Richard Dawson, 2 May 2016

There can be absolutely no question that we must welcome those who have been refugees into this city. Our own faith is a faith of the refugee and for the refugee. In God’s sight we are all refugees from His love and grace and only because of God’s love and grace do we find a new home back with the God who is our true home. We arrive before God with nothing of any value and we are accepted not as vagrants or interlopers but as daughters and sons of His love. We who were so poor are made rich by God’s love and grace. So the question cannot be one of whether or not we should welcome these people but what real welcome means. Jesus was once welcomed by an important man—Simon the Pharisee, into his house.
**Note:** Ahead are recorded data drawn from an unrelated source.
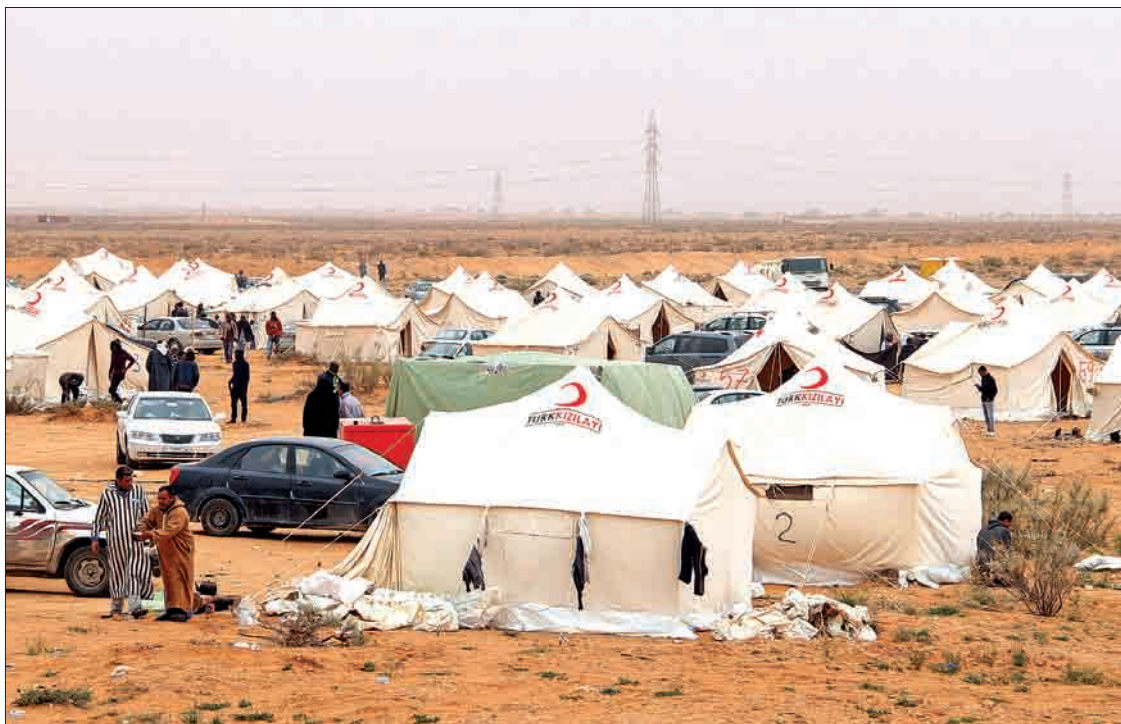
Since the 2011 fall and killing of dictator Moamer Kadhafi, Libya has become a key launchpad for migrants trying to reach Europe.

“This latest deadly incident demonstrates, once again, the huge challenge of providing protection to refugees in Libya, where many people fleeing war and persecution fall prey to criminal networks,” UNHCR further said. — AFP ■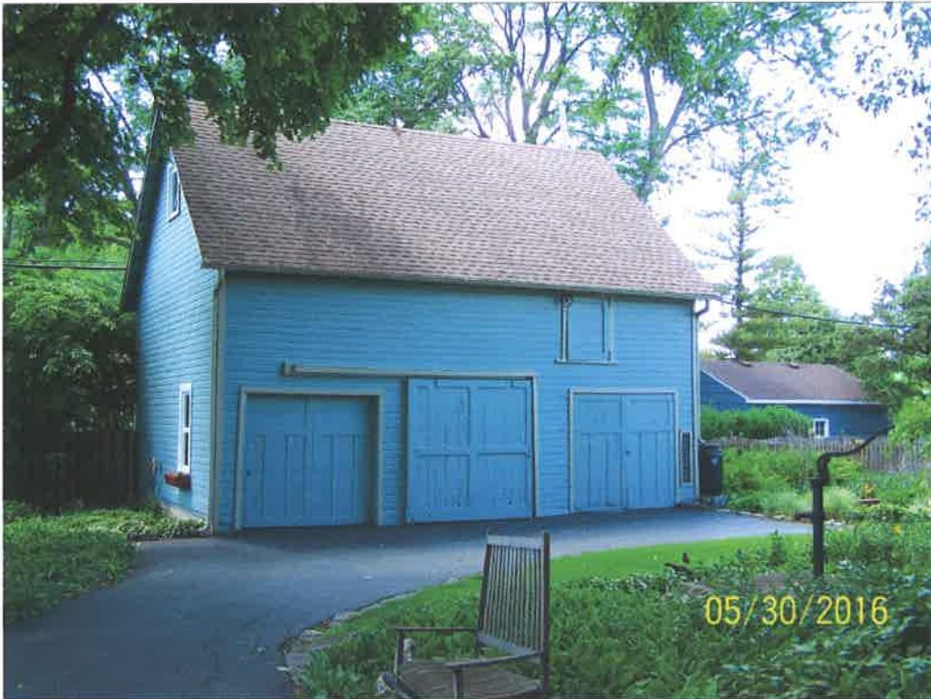
BARN EAST ELEVATION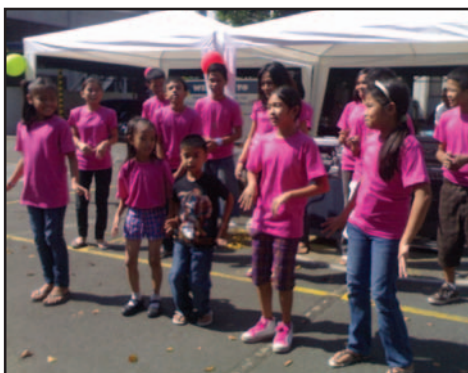
Holy Family Parish students in San Andres Bukid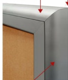
RADIUS EDGES on ALL 4 Sides Sleek and Contemporary Design

Jesus was given a place at the table which was certainly a sign of honour and it must have been a considerable risk for Simon to have Jesus there since the Pharisees were already implacably opposed to Him. However, before the meal, a woman of ill repute enters the house and begins to tend to Jesus and wash his feet with her tears and apply an expensive soothing balm to them. The others at the meal are offended that Jesus would even allow this woman to touch him. But Jesus defends her saying that her welcome has been more significant and more real that anything Simon offered. He also explains that because she understood her need and came in the humility of that need, her prayers have been answered. One key learned from this story is that some welcomes can convey more of an “unwelcome.” A hand shake and a hearty “hello” cannot convey anything but the most formal of welcomes. A true welcome requires skin! It requires commitment, time, friendship and resource for if a welcome is not these things then it conveys more an unwelcome than a true welcome. Are we prepared to put skin to our welcome to the Refugees?